The National Low Income Housing Coalition’s newly released report, The Gap: A Shortage of Affordable Homes, documents a shortage of 7 million affordable and available rental homes for our nation’s lowest-income renters, who make up one quarter of all renters in the U.S. This severe shortage forces 71% of our poorest families – seniors, people with disabilities, and low-wage workers – to spend more than half of their incomes on rent and utilities, leaving them unable to afford food, transportation, medical care, and other basic necessities. These workers are our neighbors, friends and family. They work in the hospitality industry that makes communities like ours thrive. These households have little or no savings to weather even the smallest emergencies. The pandemic has only made the need for affordable housing more apparent.
The greatest need for affordable housing is concentrated among extremely low-income renter households, who earn no more than the federal poverty line or 30% of their area median income. Only 36 affordable and available homes exist for every 100 extremely low-income renter households nationwide. No state has an adequate supply of rental homes affordable and available for extremely low-income households. In Missouri, 43 affordable and available homes exist for every 100 of the lowest-income renter households and 86.6% of these renters are severely cost-burdened as a result.
The lowest-income renters were uniquely positioned to suffer disproportionately from the effects of lost income and housing insecurity during the pandemic. Prior to the pandemic, 60% of the lowest income renters in the labor force worked in industries identified by the Bureau of Labor Statistics as the most impacted by pandemic shutdowns. Even before the pandemic, the lowest-income renters faced the greatest shortages of affordable housing, the most severe cost burdens, and consequently the most serious housing instability. At one point – in January 2021 – nearly 8 million renters were behind on rent.
The federal government took unprecedented actions to protect the lowest-income renters from housing instability. These actions, though, were temporary. Most eviction moratoriums have been lifted and resources such as federal emergency rental assistance are running out in many areas. Longer-term federal investments in affordable housing are needed to combat the underlying shortage of affordable housing that exposed the lowest-income renters to housing instability in the first place.
Longer-term federal housing subsidies are needed for the lowest-income renters, because the private market fails to produce an adequate supply of affordable housing on its own. The rents the lowest-income renters can afford to pay do not typically cover the cost of developing new housing or even maintaining older housing. Because the market consistently fails to provide adequate, affordable housing for these renters, the government has an essential role in correcting this failure.

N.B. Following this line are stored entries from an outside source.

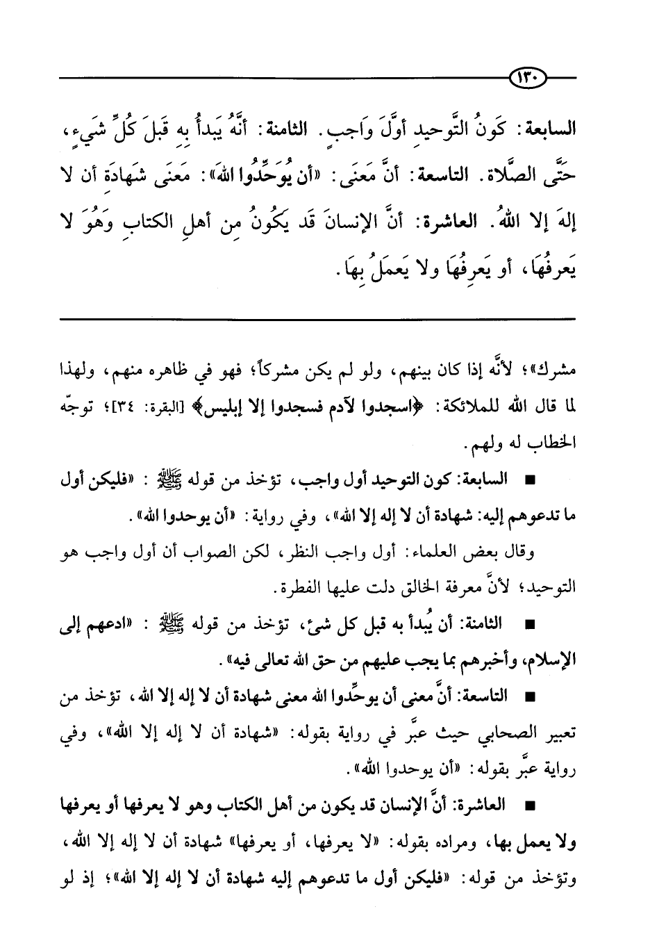 السادسة والعشرون: أنه مشروع لمن دعوا قبل ذلك وقوتلوا. السابعة والعشرون: الدعوة بالحكمة؛ لقوله: (أخبرهم بما يجب عليهم) . الثامنه والعشرون: المعرفة بحق الله في الإسلام. التاسعة والعشرون: ثواب من اهتدى على يديه رجل واحد. الثلاثون: الحلف على الفتيا.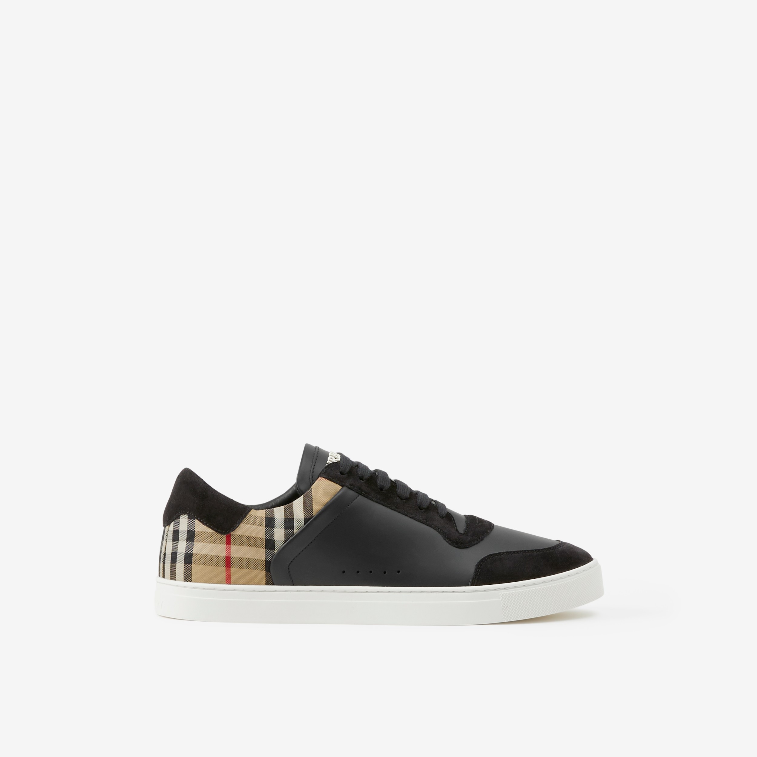 Leather, Suede and Check Sneakers in Natural White/archive Beige - Men | Burberry® Official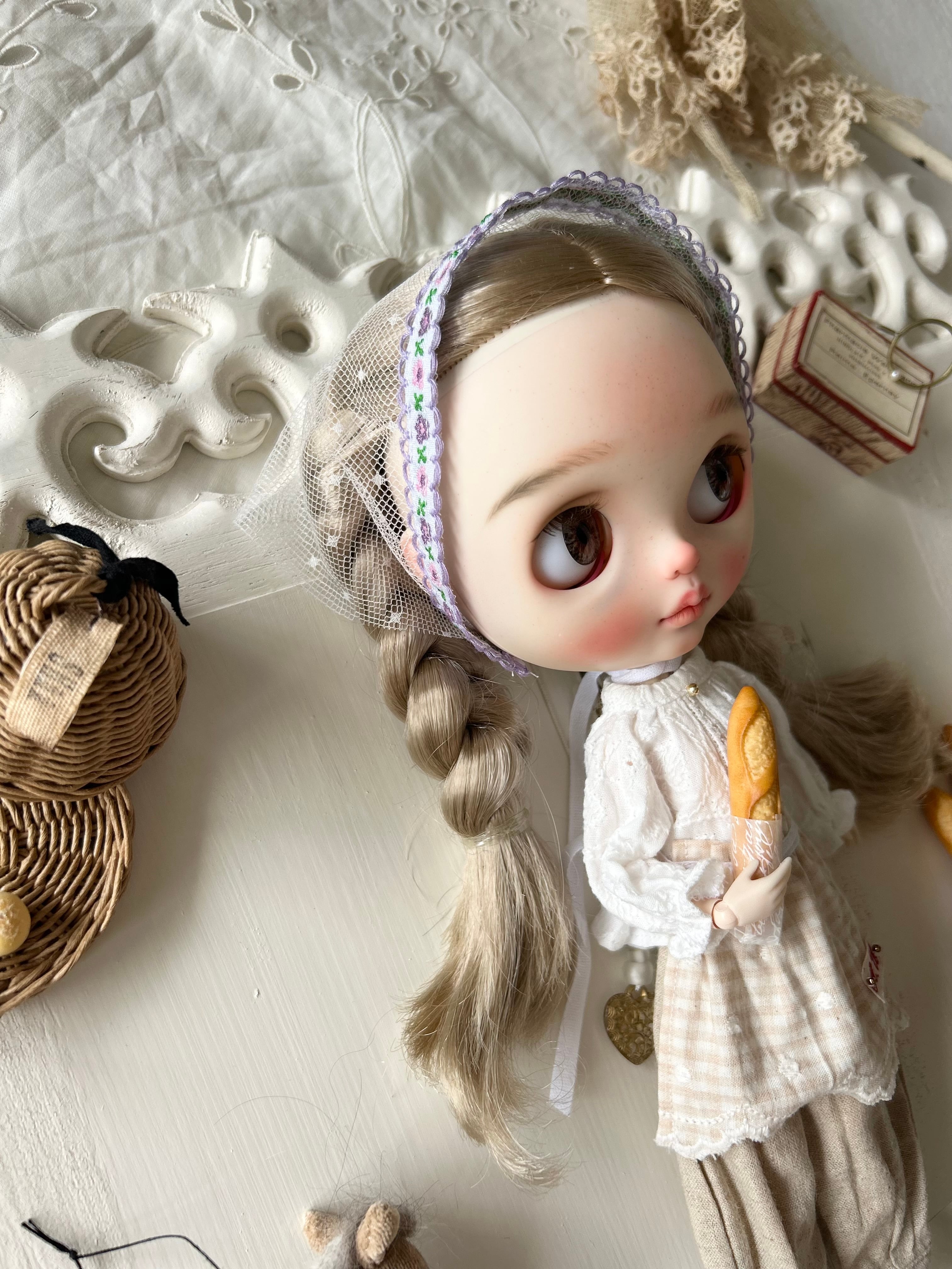バブーシュカはパープル系の花柄刺繍テープになります。りんごは4-22になります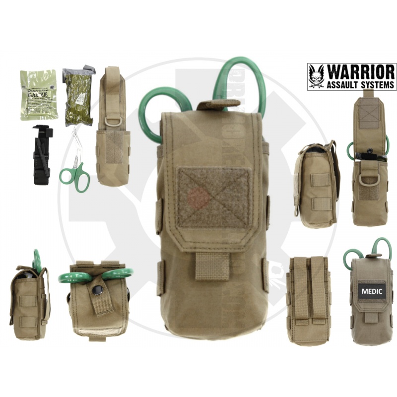 Warriors IFAK pouch is designed to hold an operators personal medical kit, Combat Gauze, CAT and Trauma Bandage. Medical shears can be stored securely at the rear of the pouch to allow quick and easy access. Internally we have introduced a webbing strap, which threads under your med kit and when pulled seamlessly elevates the contents of the pouch with one hand. Both sides of the pouch have additional external webbing for attachment of extra CATs or smaller pouches etc. The lid of the pouch has a Velcro square for attachment of First Aid patch etc. Warriors IFAK occupies only 2 rows of MOLLE webbing so it can be mounted on any amour carrier, chest rig or fits perfectly on the rear of Warriors PLB Belt, Gunfighter Belt or Frag Belt. Height 7 inch or 18cm Width 4 inch or 10cm Depth 3 inch or 8cm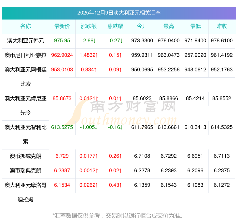2025年12月9日澳大利亞元相關(guān)匯率查詢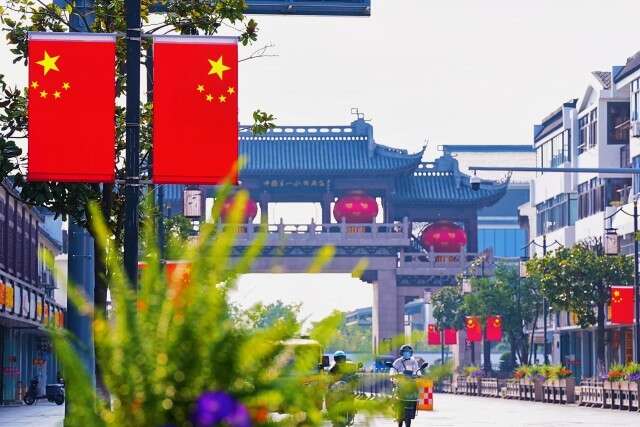 △江苏昆山的古镇,“中国红”洋溢在大街小巷。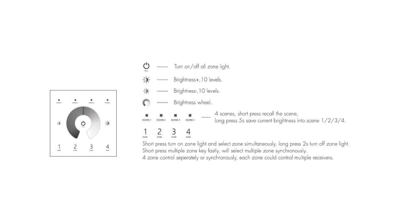 4 Zone LED dimmer uses a wireless signal to dim and raise lighting levels. The wall unit is a 4 Zone controller with an attractive white-glass finish. Each rocker-switch-style control can be linked to a separate lighting area, which can be dimmed independently or synchronised together – touch to turn on/off, and press up or down to adjust brightness. This wireless LED dimmer will require an LED receiver for each zone.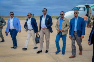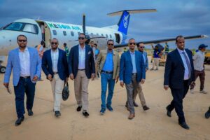 The delegation was received at Baidoa airport by the Commission’s Secretary General, Mr. Hussein Nunow Ali, who was already in the city, alongside other officials.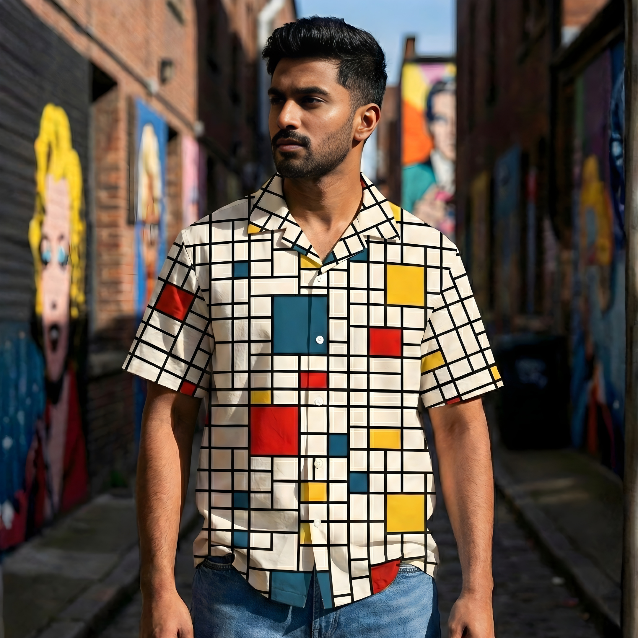 The Pop-Art Block Men’s Shirt is inspired by bold geometry and modern pop-art aesthetics. Featuring a striking grid pattern with vibrant blocks of colour, this shirt brings a graphic edge to everyday style — confident, creative, and unapologetically fun.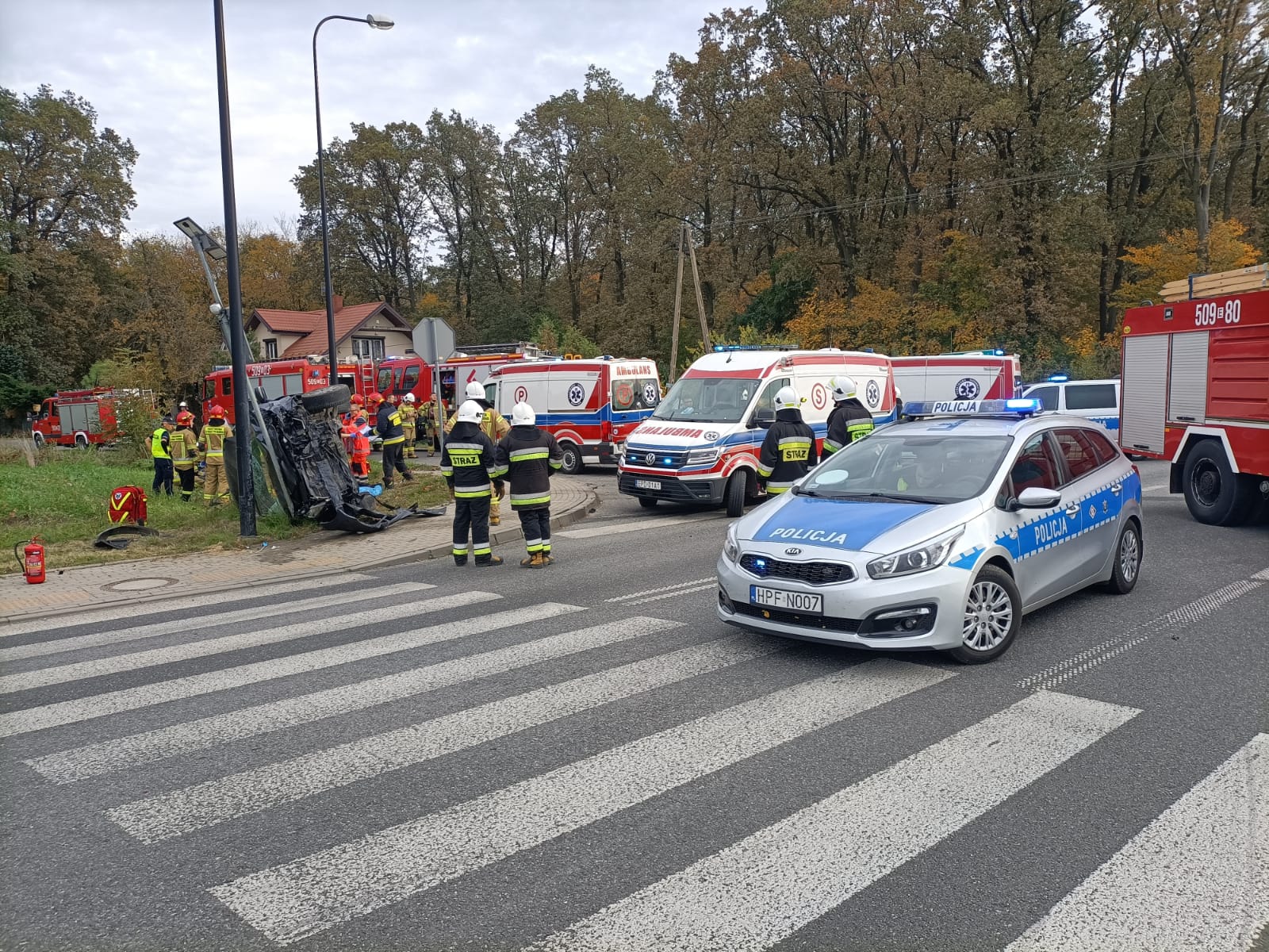 W dniu 16 października 2022 r. o godzinie 14:49 Stanowisko Kierowania Komendanta PSP w Poddębicach otrzymało informację z CPR Łódź o wypadku komunikacyjnym – zderzenie pojazdów w miejscowości Orzeszków gm. Uniejów. Po przybyciu na miejscu zdarzenia zastano dwa uszkodzone samochody osobowe uczestniczące w wypadku, osoby podróżujące znajdowały się poza pojazdami. W wyniku zdarzenia trzy osoby zostały poszkodowane. Strażacy udzielili kwalifikowanej pierwszej pomocy osobom poszkodowanym, a następnie przekazali poszkodowanych przybyłym na miejsce Zespołom Ratownictwa Medycznego, które zabrały osoby ranne do szpitala.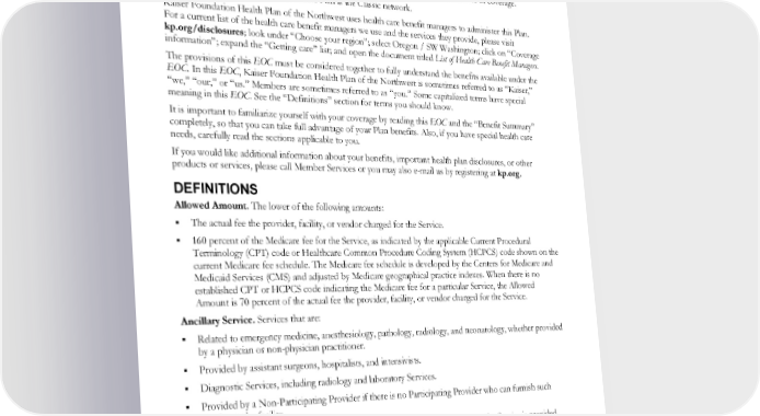 INTRODUCTION This Evidence of Coverage (EOC), including the “Benefit Summary,” describes the health care benefits of this Plan provided under the Administrative Services Contract (Contract) between Kaiser Foundation Health Plan of the Northwest and the Washington State Health Care Authority (HCA) for the Public Employees Benefits Board (PEBB) Program. In the event of a conflict in language between the Plan Contract and the EOC, the EOC will govern. For benefits provided under any other Plan, refer to that Plan’s evidence of coverage. The provider network for this Deductible Plan is the Classic network. Kaiser Foundation Health Plan of the Northwest uses health care benefit managers to administer this Plan. For a current list of the health care benefit managers we use and the services they provide, please visit kp.org/disclosures; look under “Choose your region”; select Oregon / SW Washington; click on “Coverage information”; expand the “Getting care” list; and open the document titled List of Health Care Benefit Managers. The provisions of this EOC must be considered together to fully understand the benefits available under the EOC. In this EOC, Kaiser Foundation Health Plan of the Northwest is sometimes referred to as “Kaiser,” “we,” “our,” or “us.” Members are sometimes referred to as “you.” Some capitalized terms have special meaning in this EOC. See the “Definitions” section for terms you should know. It is important to familiarize yourself with your coverage by reading this EOC and the “Benefit Summary” completely, so that you can take full advantage of your Plan benefits. Also, if you have special health care needs, carefully read the sections applicable to you. If you would like additional information about your benefits, important health plan disclosures, or other products or services, please call Member Services or you may also e-mail us by registering at kp.org. DEFINITIONS Allowed Amount. The lower of the following amounts: The actual fee the provider, facility, or vendor charged for the Service. 160 percent of the Medicare fee for the Service, as indicated by the applicable Current Procedural Terminology (CPT) code or Healthcare Common Procedure Coding System (HCPCS) code shown on the current Medicare fee schedule. The Medicare fee schedule is developed by the Centers for Medicare and Medicaid Services (CMS) and adjusted by Medicare geographical practice indexes. When there is no established CPT or HCPCS code indicating the Medicare fee for a particular Service, the Allowed Amount is 70 percent of the actual fee the provider, facility, or vendor charged for the Service. Ancillary Service. Services that are: Related to emergency medicine, anesthesiology, pathology, radiology, and neonatology, whether provided by a physician or non-physician practitioner. Provided by assistant surgeons, hospitalists, and intensivists. Diagnostic Services, including radiology and laboratory Services. Provided by a Non-Participating Provider if there is no Participating Provider who can furnish such Service at the facility. Provided as a result of unforeseen, urgent medical needs that arise at the time the Service is provided, regardless of whether the Non-Participating Provider or Non-Participating Facility satisfies the notice and consent requirements under federal law. Annual Open Enrollment. A period of time defined by HCA when a Subscriber may change to another health plan offered by the PEBB Program and make certain other account changes for an effective date beginning January 1 of the following year. EWCLGDED1983ACT0124 7 WAPEBB-CL-ACT

In Missouri, there is significant work to be done. There are several bills in the current legislative session that involve affordable housing. HB 2614 just passed committee and was voted to move to the full House for a final vote. This bill will criminalize homelessness and potentially defund direct service workers currently assisting the unhoused population. HB 1682 specifically bans courts from suspending eviction proceedings of their own initiative without authorization from a state law. Allowing courts and other federal agencies to halt evictions keeps families together, safe and housed.
Congress must make significant, long-term investments in deeply affordable housing programs such as the national Housing Trust Fund, Housing Choice Vouchers, the use of land banks and public housing. Congress should retain in a new reconciliation package the historic investments in these programs that were included in the House-passed “Build Back Better Act.” As The Gap demonstrates, the housing crisis for the lowest-income renters will persist long after the pandemic without such investments.